Page name:
The Collegiate Neurotic [Logged in view]
[RSS]
2006-07-19 15:10:11
# of watchers: 3
|
Fans: 0
| D20: 15 |
The Collegiate Neurotic
The youthful neurotic's personality continues to wobble uncertainly during the college years, but the focus of anxiety gradually shifts over to the question of what he or she will
do after graduation day. This question invites these basic approaches:
1. The most extreme neurotics have their whole lives mapped out on a piece of paper that they frequently pull out of a desk drawer and stare at. These people have known what they wanted to be ever since they saved a bird with a broken wing when they were eight years old, and heaven help anyone or anything that gets in their way. Such students do not partake in dormitory hijinks, they wear pajamas to bed, and they believe that the best way to start the day is with a good breakfast. They can be spotted walking across the campus engaging various professors in animated conversation or rushing back to the dorm after an exam to look up the answers. Their rooms are very tidy. Their stereo equipment is below par. They often have a few pieces of fruit on the window sill. They already know how many children they want to have, and when, and what their names will be.
If these students are nudged even for a moment from their designated path they easily can fall into a wild tailspin that ends up with them sleeping in the Bowery or wandering through India with no shoes on.
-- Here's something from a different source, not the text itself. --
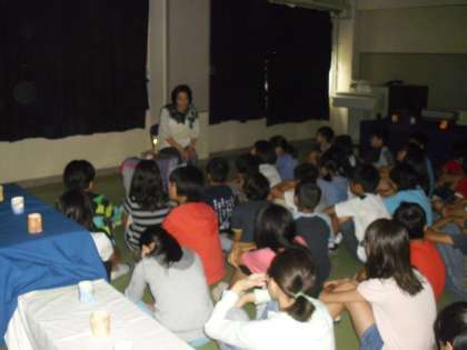 部屋を暗くして、いくつもキャンドルを灯したような優しいあかりの中で、高見さんの「語り」が始まりました。子どもたちは夏休みに日光林間学園で日光東照宮に行きます。その東照宮の隣の二荒山神社に伝わるお話、日光の民話を聞かせてくださいました。ほんの短い時間でしたが、お話の世界に入り込んだように真剣な表情で聞いている子どもたちでした。

They should be joshed good-naturedly but not asked pointed questions about the meaning of life.
2. The second group of collegiate neurotics comprises those who go through half-dozen or so complete personality changes in the course of the four years. These are the students who are so undecided about themselves and their features that they react to college society as if it were a succession of masquerade parties, and to the curriculum as if it were a penny candy display. It seems merely a matter of luck and timing as to whether they leave school as future brain surgeons, tree surgeons, or Moonies.
These people embrace each new thing (a particular brand of beer, a dance step, sociology) with initial enthusiam and eventual disillusionmen
t. They try on majors as others might try on shoes: looking for something that fits and is practical yet stylish. They do not wish to make any decision regarding the future because if it turns out to be the wrong one they will have no one to blame but themselves. They hope that if they try enough approaches, the correct course of life will become obvious. It never becomes obvious.
3. The last group of neurotic collegiates practices avoidance behavior. They avoid going to classes, aviod establishing even so much as eye contact with professors, avoid joining campus activities, and avoid wearing the school colors to football games. Instead, they ingest great quantities of mind-altering substances and stay in their rooms listening to rock music. They believe that the answers to life lie in rock music rather than in the consequences of the Battle of Tours or in the uses of light and shadow in The Scarlet Letter. Because this assumption cannot be proven wrong, these students often are kicked out of school by insecure administrators.
Other forms of typical collegiate avoidance behavior include epic sleeping jags ("I think I have mono."), reversions to childlike nehavior ("Hello, Daddy? I don't like it here anymore."), unrequited love ("My whole life is ruined."), and political activism ("Your whole life is ruined.")
If any of these students manage to make their way through full term at college, it probably is only because they felt guilty enough to rouse themselves for a series of all-nighters. The all-nighter is a neurotic exercise that combines a Kafkaesque despair with the tension of the Cuban Missile Crisis. Things learned during an all-nighter are remembered for ten hours, tops, and then forgotten for all time (even under torture or hypnosis).